De gecertificeerde instelling onderschrijft de zorgen en het verzoek van de Raad. Ter zitting is toegelicht dat er ondanks de lopende aanvragen nog geen plek is gevonden voor [minderjarige] in een gezinshuis. Er is actief onderzocht of – ter overbrugging – met intensieve ondersteuning een tijdelijke terugplaatsing bij één van de ouders mogelijk is. Het andere alternatief is dat [minderjarige] op een tijdelijke (crisis)plek wordt geplaatst. Beide mogelijkheden hebben voor- en nadelen, maar zijn uiteindelijk niet in het belang van [minderjarige] . Als een keuze moet worden gemaakt dan zou, alles afwegende, een crisisplek de voorkeur hebben boven thuisplaatsing, omdat het risico dat de thuisplaatsing niet zal slagen groter is en kan zorgen voor blijvende schade in de ontwikkeling van [minderjarige] . Vanuit een neutrale plek kan [minderjarige] met beide ouders contact onderhouden.

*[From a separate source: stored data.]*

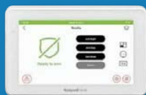
Wireless Touchscreen Secondary Keypad $150
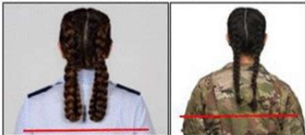
Two Braids Looped Underneath/Two Braids
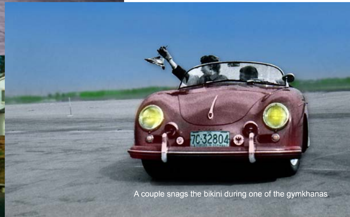
A couple snags the bikini during one of the gymkhanas.
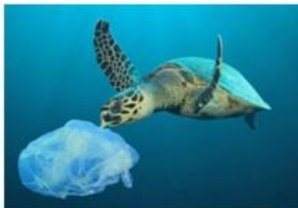
Pictured: A sea turtle eating plastic.

Last Friday, it was Endangered Species Day, a day to learn about animals that need our help. These animals are called endangered species, which means there aren't many of them left, and they could disappear if we don't do something to help. Some endangered animals include tigers, rhinos, pandas, elephants – and turtles! This Friday is World Turtle Day, a special day to celebrate turtles and find out how we can help them. Turtles are clever, gentle animals. Some live in the sea, and some live on land. They have been on Earth since the time of the dinosaurs! But today, many turtles are in danger and one big problem is
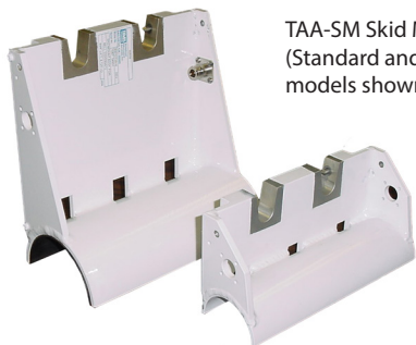
TAA-SM Skid Mount (Standard and Hi-Lift models shown)
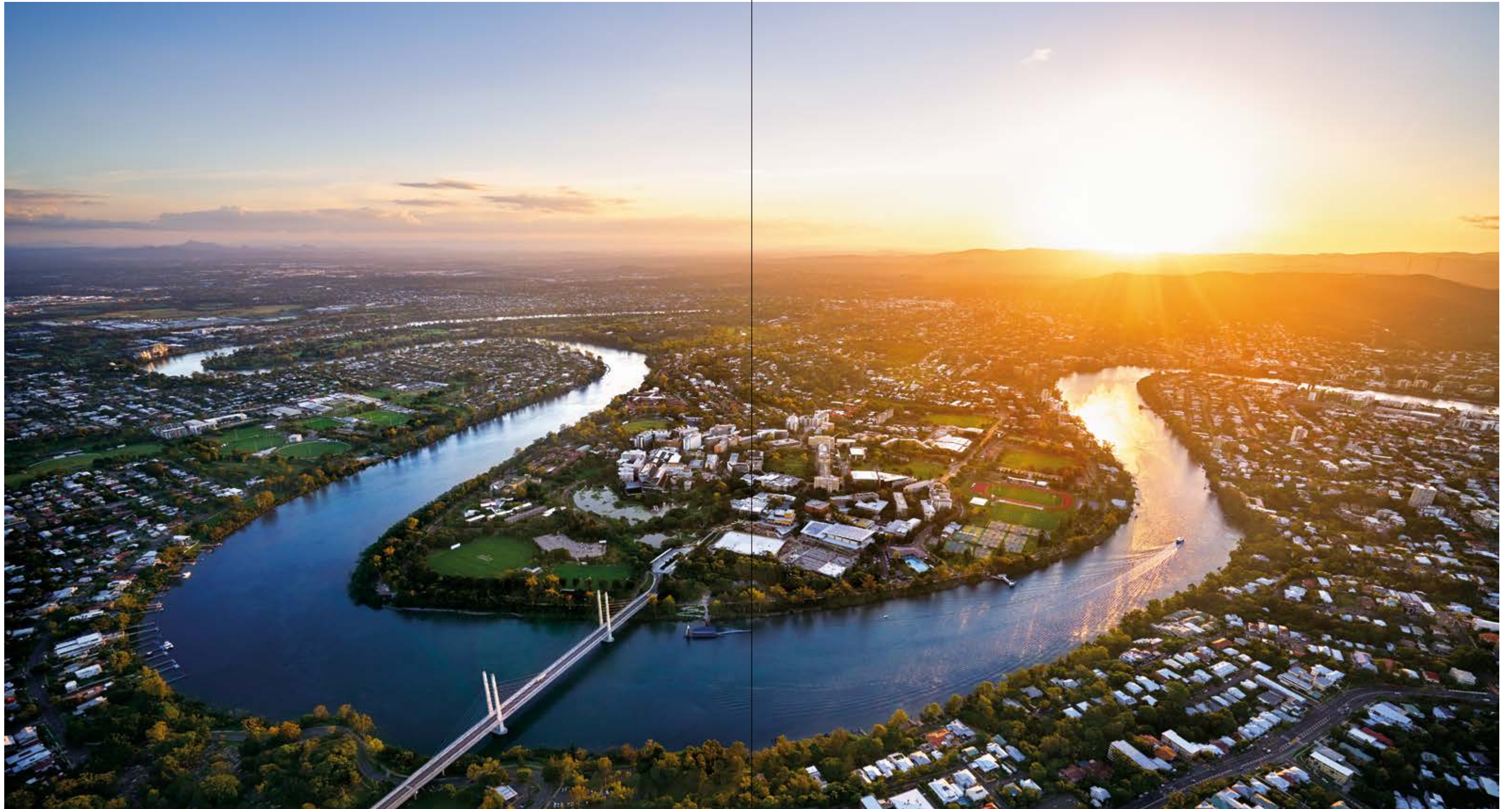
THE UNIVERSITY OF QUEENSLAND ST LUCIA CAMPUS SPANS 114 HECTARES OF THE RIVERSIDE SUBURB.
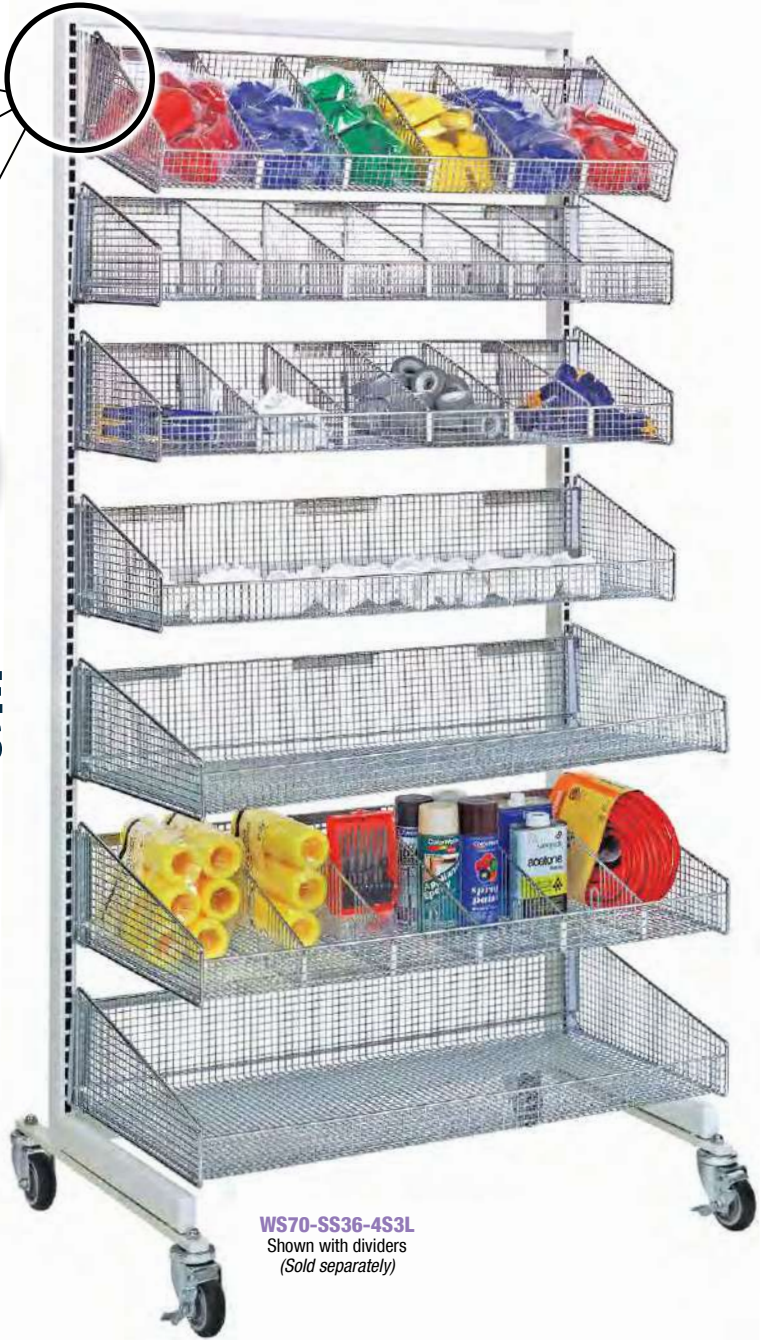
WS70-SS36-4S3L Shown with dividers (Sold separately)
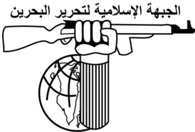
The Iranian proxy Islamic Front for the Liberation of Bahrain (logo pictured) failed in its coup attempt in 1981.

After the killing of former Commander of the IRGC's Quds Force Qassem Soleimani, reports circulated about the formation of the Qassem Soleimani Brigades, dedicated to avenging his death. Bahraini officials alleged that they foiled a terror plot in early 2020, which involved an attempted attack on a visiting foreign delegation, using an explosive device. In December 2020, the United States imposed terrorism sanctions on the al-Mukhtar Brigades under Executive Order 13224. In the designation , the U.S. government cited the significant risk of committing acts of terrorism, as well as past plots against U.S. personnel in Bahrain and the offering of cash rewards for the assassination of Bahraini officials.
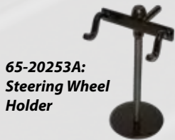
65-20253A: Steering Wheel Holder
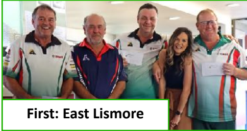
First: East Lismore
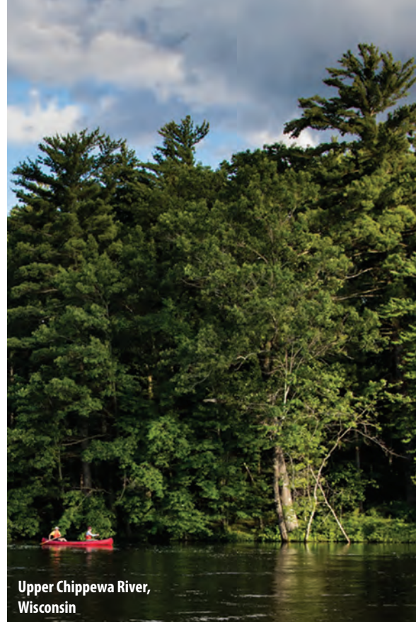
Upper Chippewa River, Wisconsin
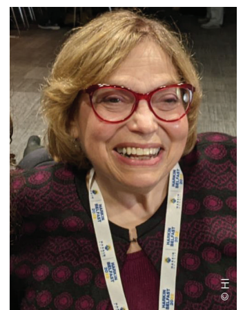
Judith Heumann at the 2022 Harkin Summit in Belfast, Northern Ireland.
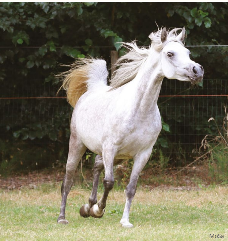
LA DIVA NILE-LA Ansata Nile Echo x CD Anasta)
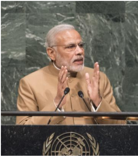
Prime Minister Narendra Modi of India
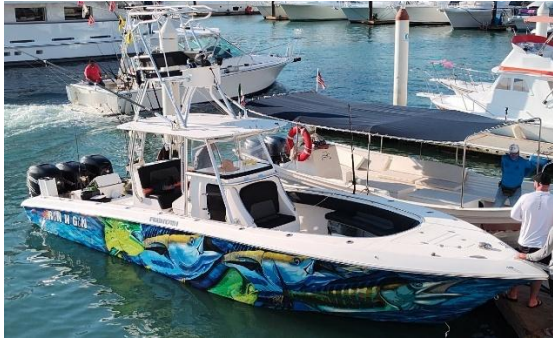
Run N Gun
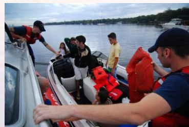
VESSEL EXAMINER POLO
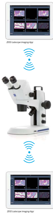
Stemi 305 cam: „WLAN access point“ Mode
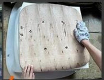
04 Foam sticking
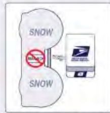
Insufficient Snow Removal
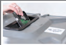
Hard drive cart with Lockjaw® lock and label (shown left)
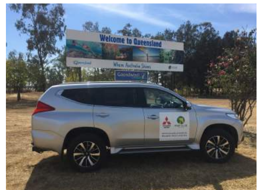
The Pony Club Pajero went to Toowoomba for the 2017 Nationals

For full offer terms and conditions, please contact your local Mitsubishi Motors dealer.
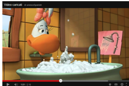
© Proyecto H2Ooooh! - Héroes ahorradores de agua

UNESCO TV Spanish airs H2Ooooh! video 'Heroes of water saving': Héroes ahorradores de agua
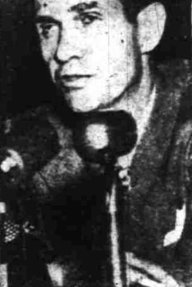
New York, May 31—Almer Hiss, ex-state department official, was back in the spotlight today as his federal court trial for perjury began. He is accused of giving false information regarding his relations with wittaker Chambers, ex-courier for a communist spy ring.
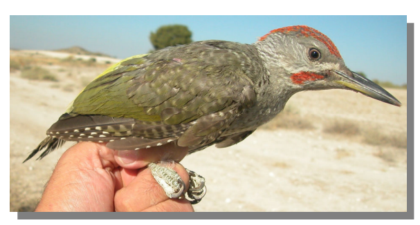
Green Woodpecker. Juvenile. Male (08-VIII).
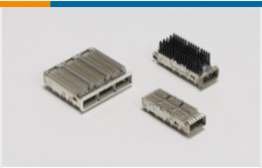
QSFP, QSFP+ & zQSFP+(425)
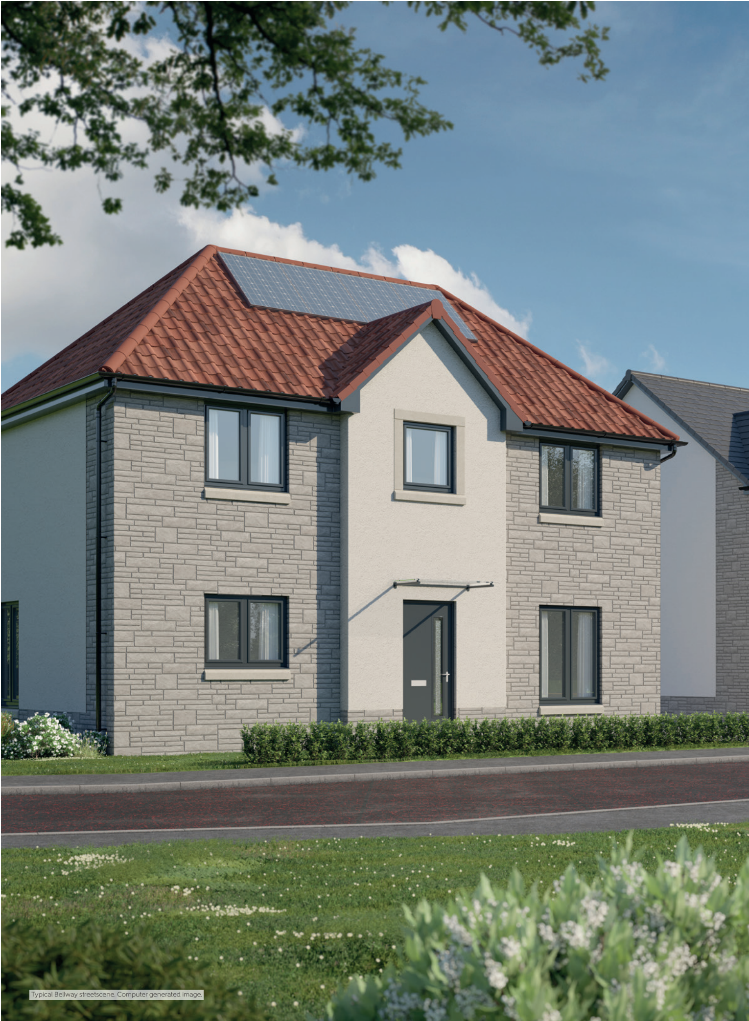
Typical Bellway streetscene. Computer generated image.

De vader heeft verweer gevoerd tegen de uithuisplaatsing, omdat [minderjarige] bij hem en zijn partner kan wonen. Dat is ook wat [minderjarige] het liefste wil. Hij staat open voor ondersteuning daarbij. De uithuisplaatsing is volgens de vader zowel tijdelijk als voor de langere termijn niet noodzakelijk en zeer onwenselijk.
De moeder heeft zich niet verzet tegen het verzoek, maar vindt een crisisplek ook niet in het belang van [minderjarige] . Zij zou [minderjarige] daarom maximaal twee maanden kunnen opvangen ter overbrugging.
Beoordeling
De kinderrechter is, gelet op hetgeen uit het dossier en ter zitting naar voren is gekomen, van oordeel dat de in artikel 1:255, eerste lid, van het Burgerlijk Wetboek genoemde gronden voor ondertoezichtstelling aanwezig zijn.
Daarbij overweegt de kinderrechter dat [minderjarige] ernstig in haar ontwikkeling wordt bedreigd als gevolg van veel onrust in haar leven. Die onrust komt voort uit de moeizame verhouding en onmin tussen de ouders waar [minderjarige] tussenin zit en waar zij ook het onderwerp van is. Ook is het al een hele tijd onduidelijk waar [minderjarige] het beste kan wonen. Dat is frustrerend voor [minderjarige] en komt niet tegemoet aan de duidelijkheid, structuur en rust die zij juist nodig heeft. Gezien de complexe situatie, de verschillende visie van de ouders daarop en hun moeizame onderlinge communicatie, vindt de kinderrechter het kader van de ondertoezichtstelling noodzakelijk zodat de jeugdbeschermer zicht kan houden op de belangen van [minderjarige] en de nodige hulpverlening kan coördineren.
Verder is de kinderrechter van oordeel dat de in artikel 1:265b, eerste lid, van het Burgerlijk Wetboek genoemde gronden voor een machtiging tot uithuisplaatsing aanwezig zijn.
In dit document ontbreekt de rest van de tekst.